I have done so many variations of this muffin. I have done it with chocolate chips, without chocolate, with blueberries, with vanilla protein added, etc. I got the original recipe from Making Thyme for Health: Healthy Flourless Pumpkin Muffins and they were delicious. I’ve just started playing with the recipe based on what I have at the time and just adjusting to fit my blocks better.
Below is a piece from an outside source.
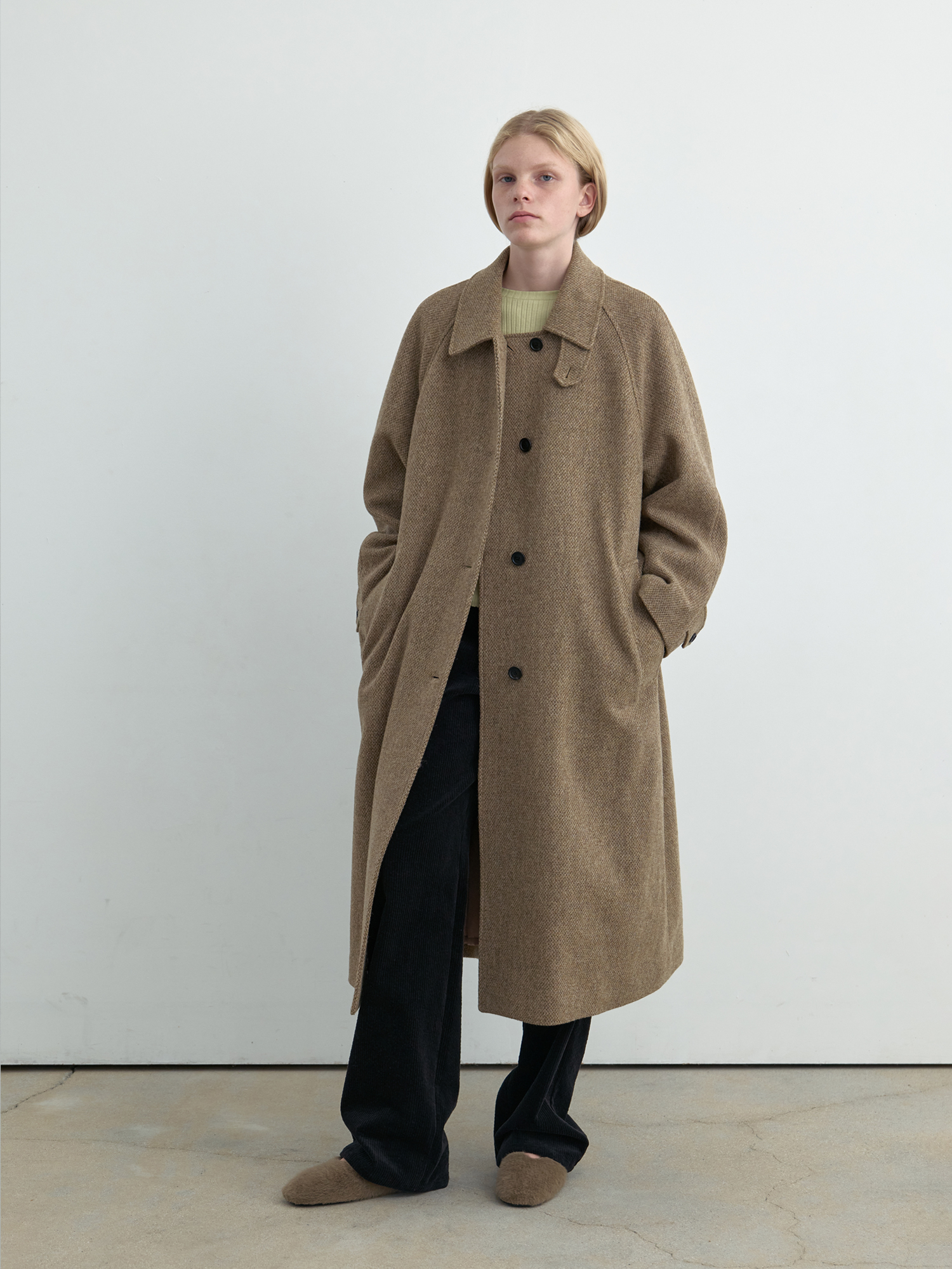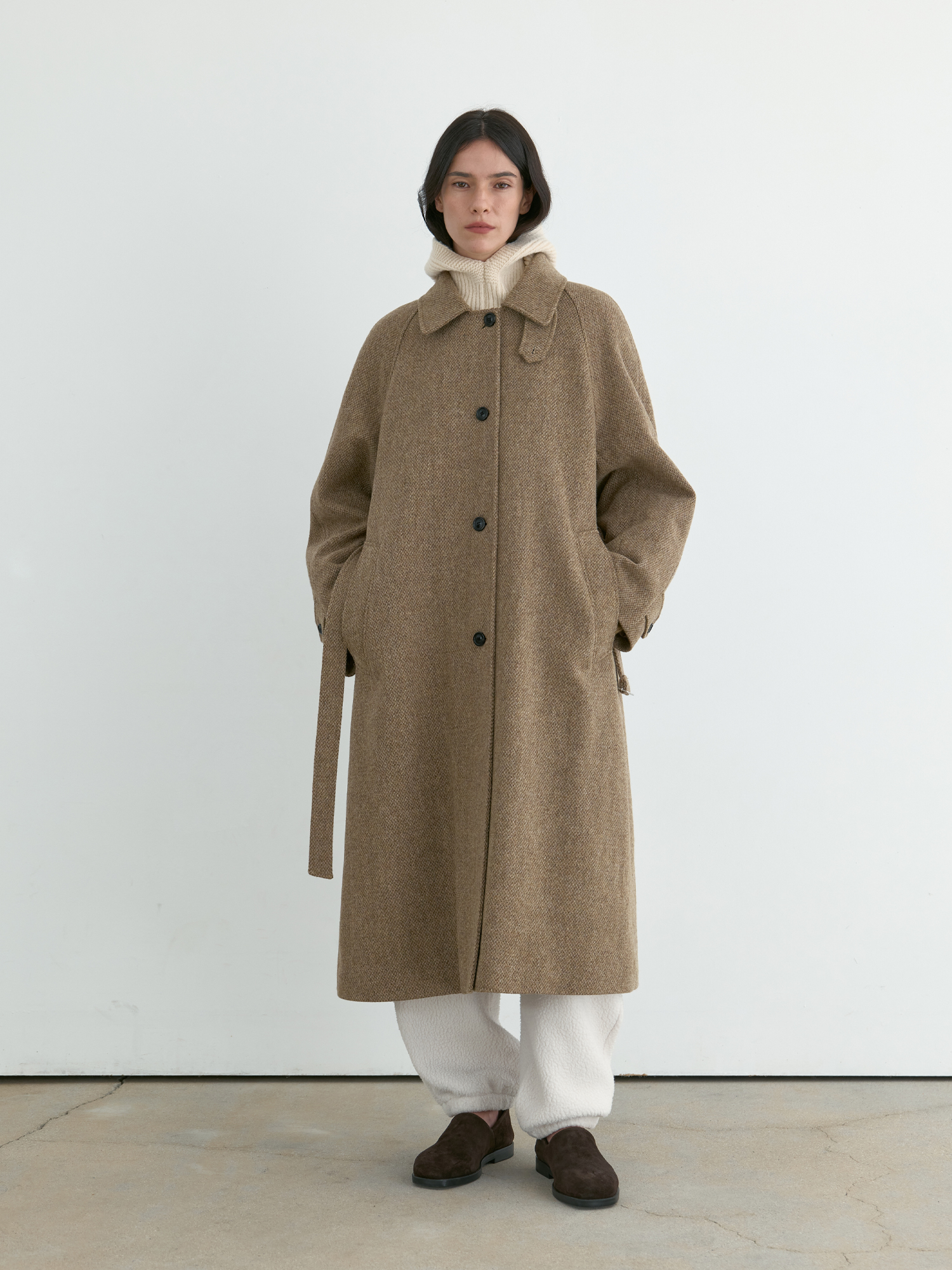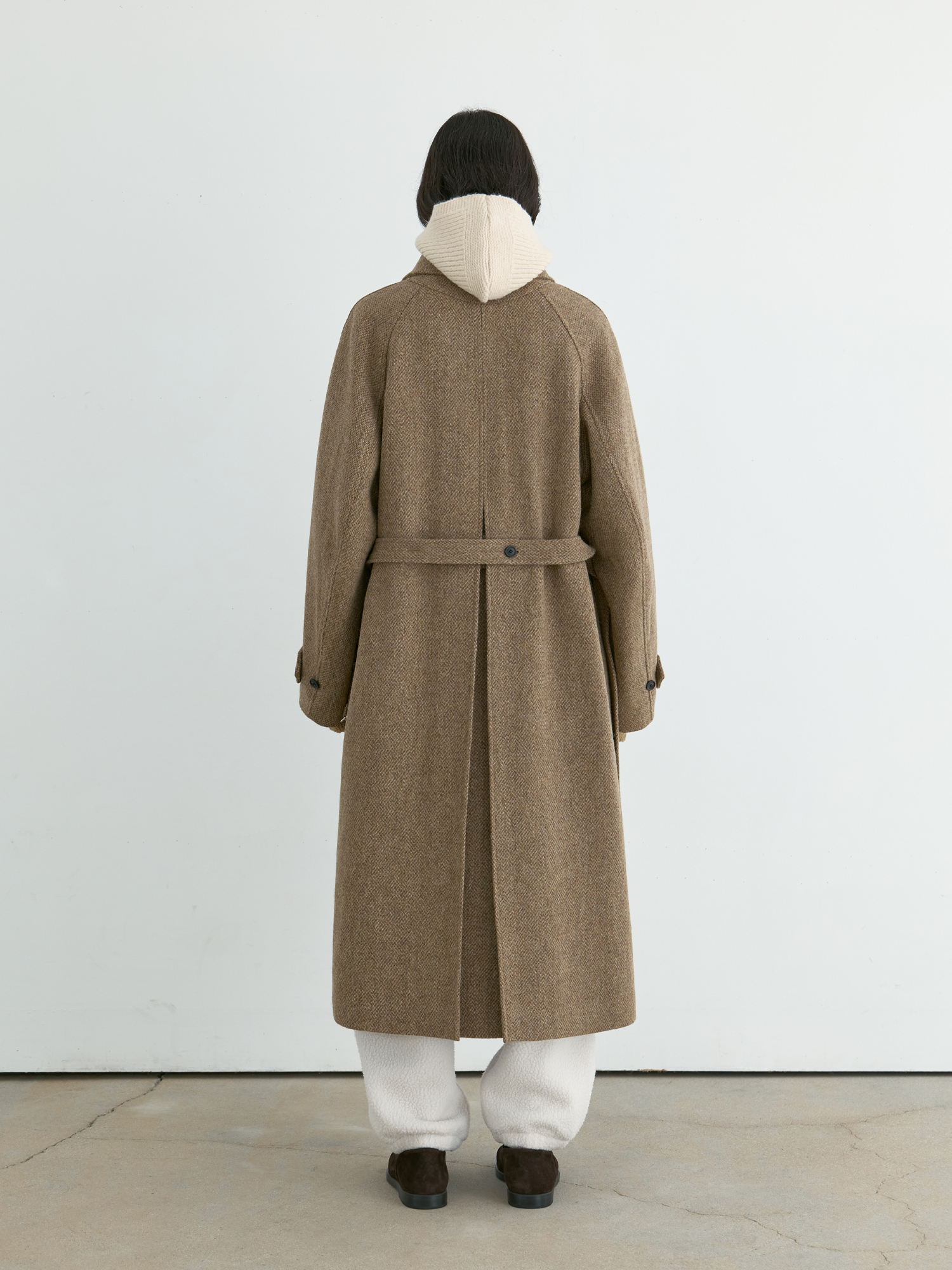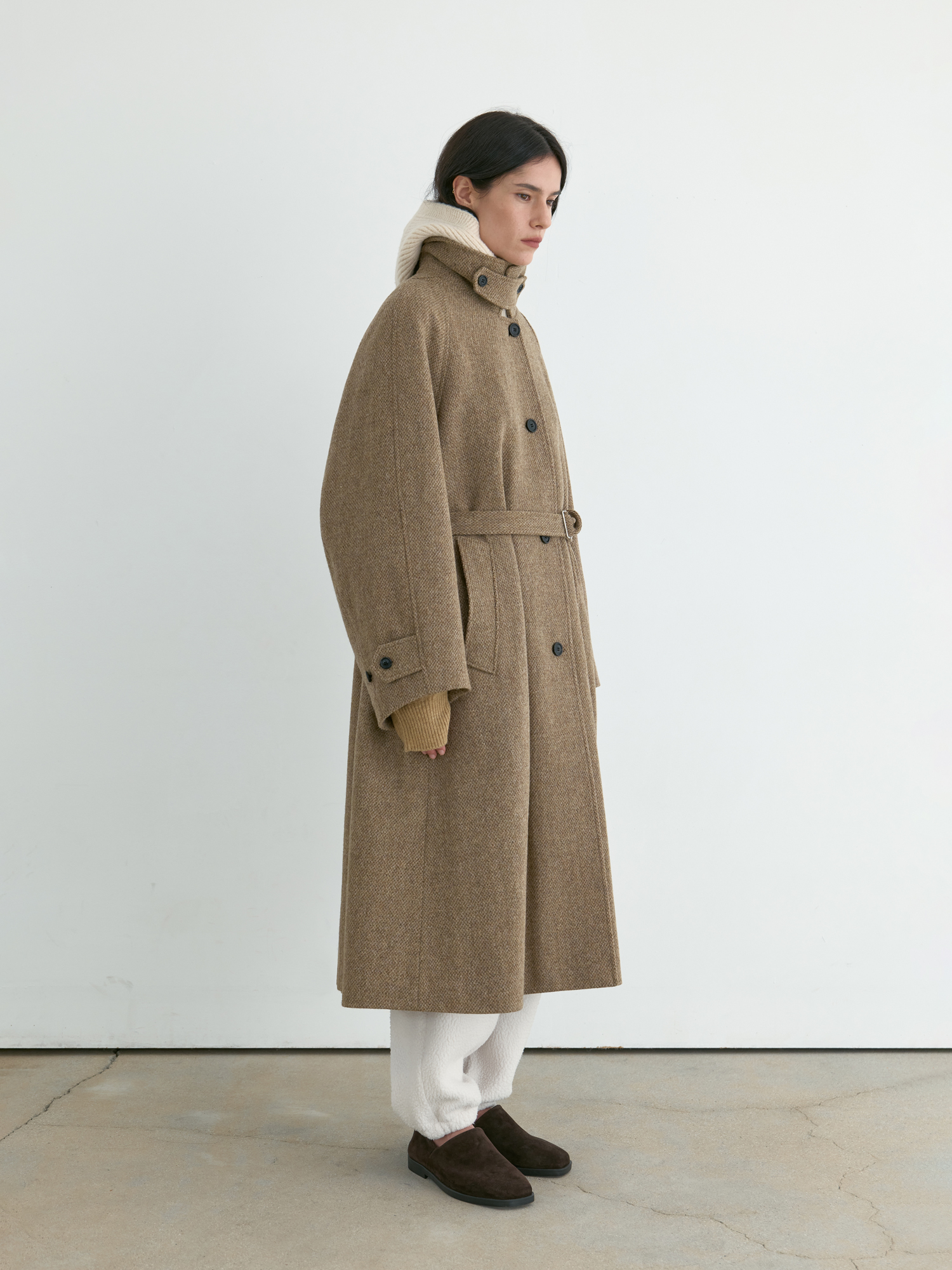 자연스럽게 퍼지는 세미 A라인 실루엣의 롱 코트입니다. 종아리를 안정적으로 덮는 기장감과 여유 있는 목 파임, 입체적인 곡선의 소매 볼륨이 우아한 라인을 형성합니다. 뒤 중심의 미니멀한 브랜치 디테일과 둥글게 설계된 백넥 절개가 정돈된 구조감을 주며, 고정 및 히든 연출이 모두 가능합니다. 세 가지 소재 컬러 구성으로, 각기 다른 텍스처와 보온 밸런스를 갖춘 윈터 아우터입니다. -------------------------- 알파카 20%·울 80%의 트위드 텍스처가 돋보이는 카멜 버전입니다. 원단 조직감을 보완하기 위해 기모 처리된 안감을 더해 보온성을 높였습니다. 부드럽게 섞인 멜란지 카멜 컬러가 자연스럽고 깊이 있는 겨울 톤을 연출하며, 차가운 계절에 포근하게 감싸주는 안정적인 코트입니다.

Making these muffins at the beginning of my week is part of me setting myself up for success with food. They are in the fridge and ready any time that I need to grab and go.
Today, I was lacking dark chocolate chips which brings me great sadness and my almond butter was almost completely gone SO I adjusted the recipe and hope it will be good!
ORIGINAL RECIPE (I’ll put my changes in parenthesis.)
1 Cup- Pumpkin Puree (I use the entire 15oz can.)
1/4 Cup- Vanilla Unsweetened Almond Milk (I use 1/2 Cup.)
2 1/4 Cups- Rolled Oats
4 TBSP- Almond Butter (Today, I could only get 2 TBSP out of the jar.)
5/8 Cup- Pure Maple Syrup (I use 1/2 Cup.)
1 TBSP- Vanilla Extract
1 tsp- Baking Powder
1/2 tsp- Baking Soda
1/2 tsp- Salt
1 tsp- Cinnamon
1/2 Cup- Dark Chocolate Chips (I didn’t have any, but I used 2 TBSP of dark cocoa powder.)
Grease a muffin tin with coconut oil and bake at 350 for about 22-25 minutes.
As I have made the muffins today, the nutritional content is:
1 MUFFIN: 142 Calories/3.6g Fat/23.5g Carbs/4.1g Protein
RESULTS: Leaving out the chocolate chips and half of the almond butter actually cut the fat quite a bit which is good, but I will say that I miss the chocolate chips! The muffins are still yummy and I will eat them joyfully, but let it be known… I miss the chocolate chips just because I do.